» **YOUR INSTRUCTIONS**
From the line containing "Le camere, in" to the line containing "これで注文が決まりました。家" in the entries below, reproduce every line exactly, ends included. Nothing else belongs in the copy, and no pictures.

» **SOURCE MATERIAL**
■ ■ ■ ■ ■

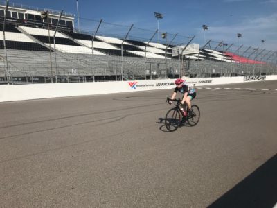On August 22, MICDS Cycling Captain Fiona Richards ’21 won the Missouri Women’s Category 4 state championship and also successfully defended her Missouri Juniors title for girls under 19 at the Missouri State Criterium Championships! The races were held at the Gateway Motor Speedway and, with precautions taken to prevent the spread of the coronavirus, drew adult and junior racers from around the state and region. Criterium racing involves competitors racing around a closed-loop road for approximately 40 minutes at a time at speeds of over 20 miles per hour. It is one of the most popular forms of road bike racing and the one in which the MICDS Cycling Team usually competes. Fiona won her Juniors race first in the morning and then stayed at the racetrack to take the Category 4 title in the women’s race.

■ ■ ■ ■ ■

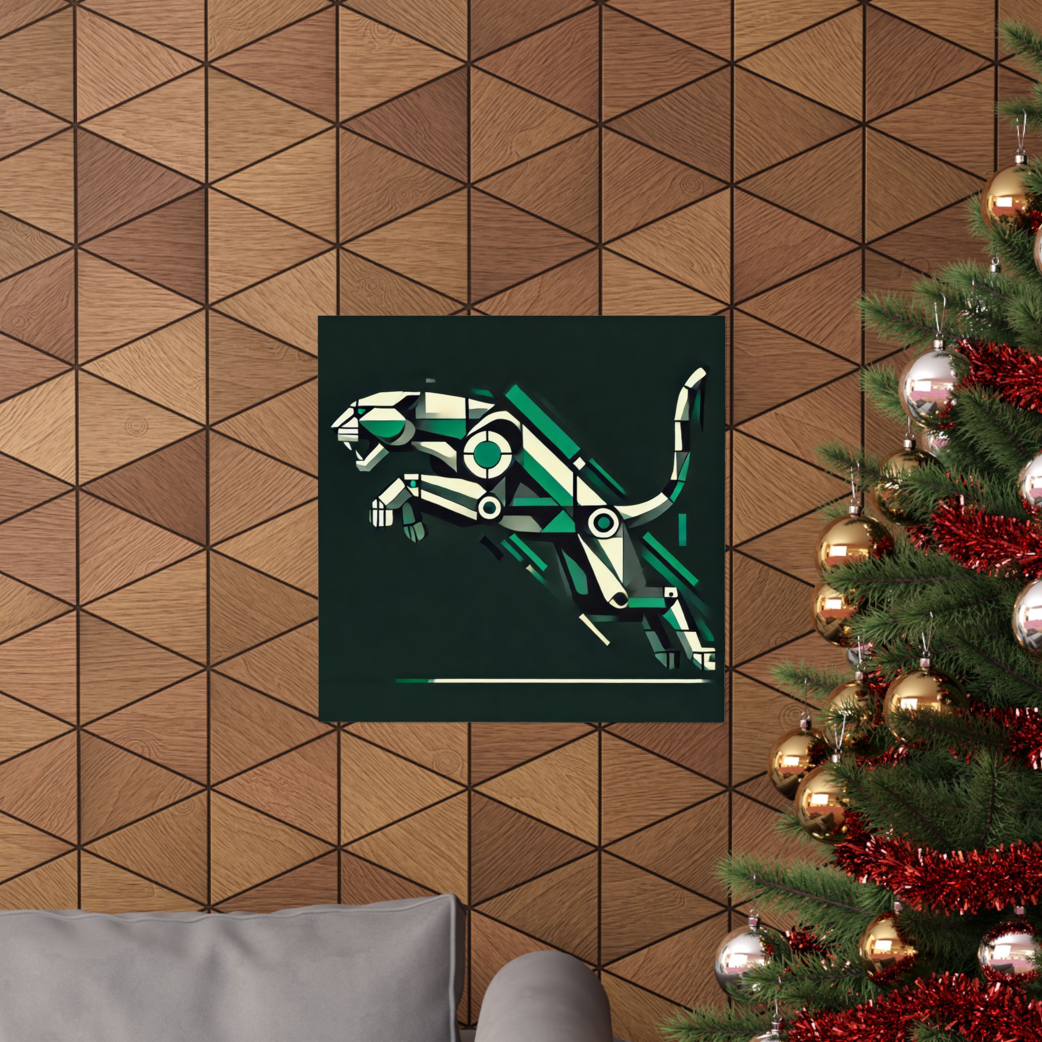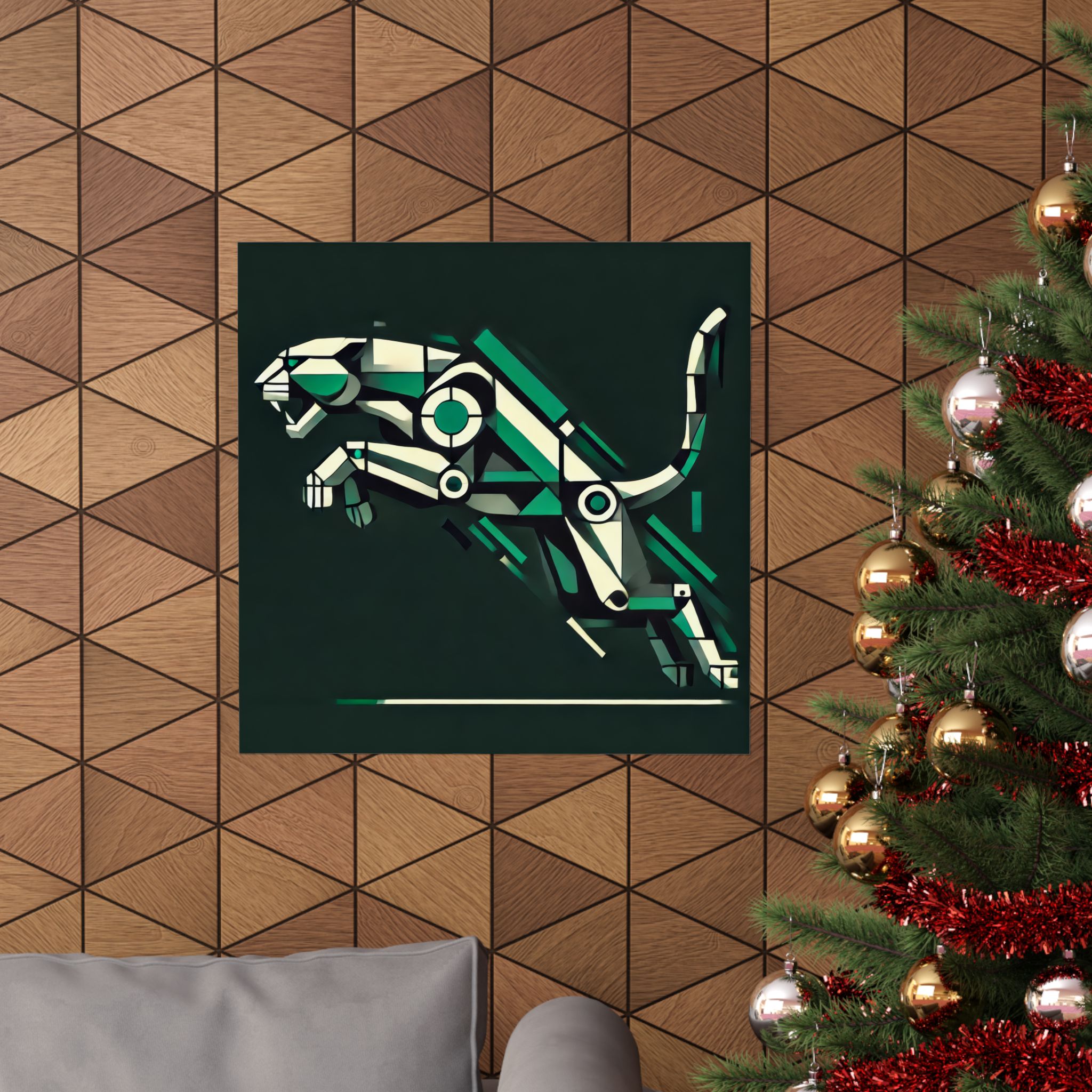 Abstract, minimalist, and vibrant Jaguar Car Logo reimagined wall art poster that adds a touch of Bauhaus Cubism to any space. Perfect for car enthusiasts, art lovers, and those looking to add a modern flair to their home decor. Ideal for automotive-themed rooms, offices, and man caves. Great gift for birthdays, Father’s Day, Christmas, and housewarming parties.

■ ■ ■ ■ ■

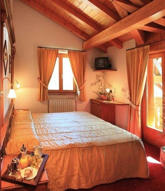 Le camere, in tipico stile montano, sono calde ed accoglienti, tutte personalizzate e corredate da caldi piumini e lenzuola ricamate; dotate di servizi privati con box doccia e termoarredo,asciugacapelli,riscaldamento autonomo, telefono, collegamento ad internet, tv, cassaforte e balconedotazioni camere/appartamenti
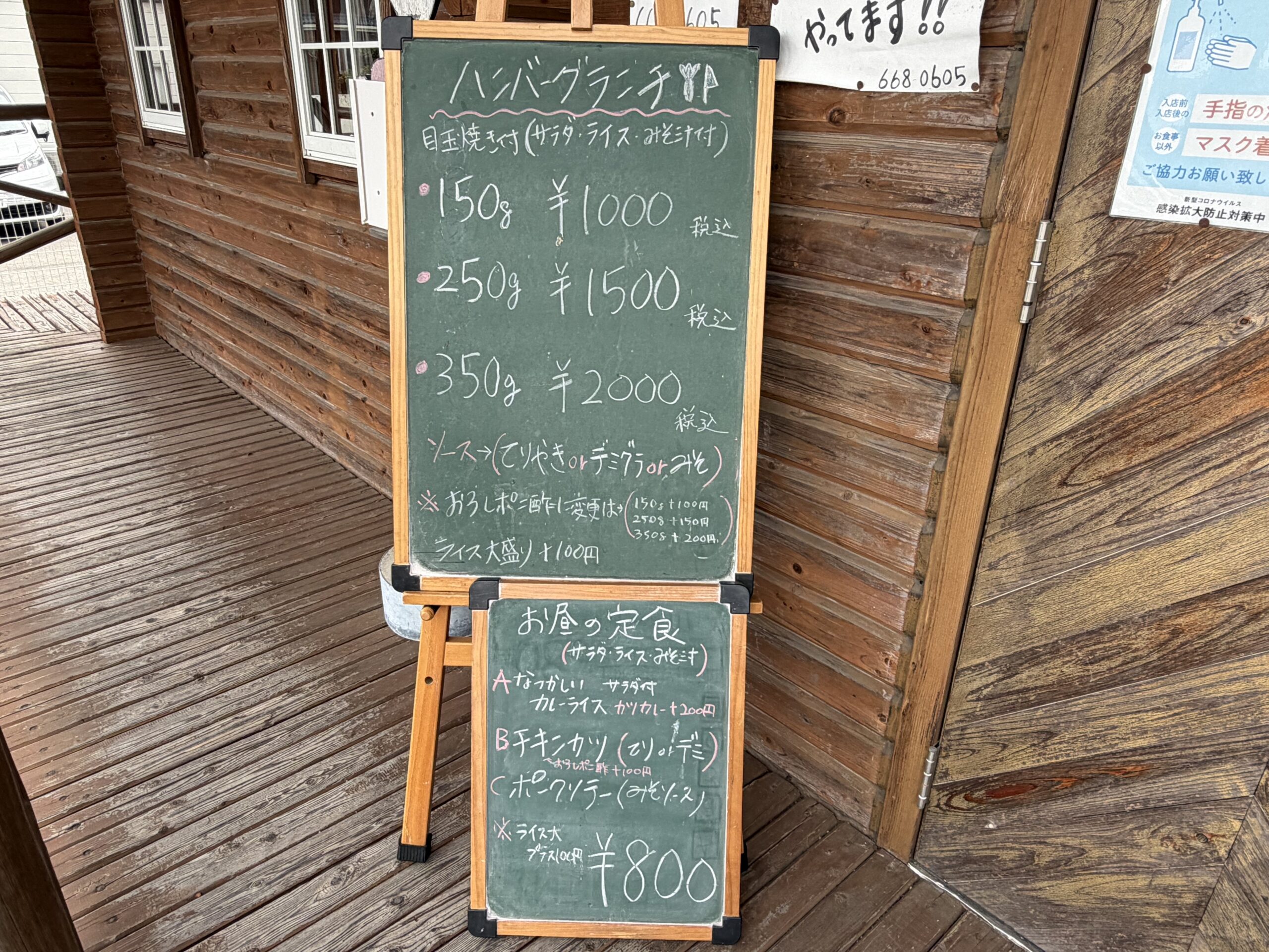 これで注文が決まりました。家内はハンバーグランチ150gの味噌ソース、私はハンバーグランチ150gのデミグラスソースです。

■ ■ ■ ■ ■

» **THE ANSWER**
 Le camere, in tipico stile montano, sono calde ed accoglienti, tutte personalizzate e corredate da caldi piumini e lenzuola ricamate; dotate di servizi privati con box doccia e termoarredo,asciugacapelli,riscaldamento autonomo, telefono, collegamento ad internet, tv, cassaforte e balconedotazioni camere/appartamenti
 これで注文が決まりました。家内はハンバーグランチ150gの味噌ソース、私はハンバーグランチ150gのデミグラスソースです。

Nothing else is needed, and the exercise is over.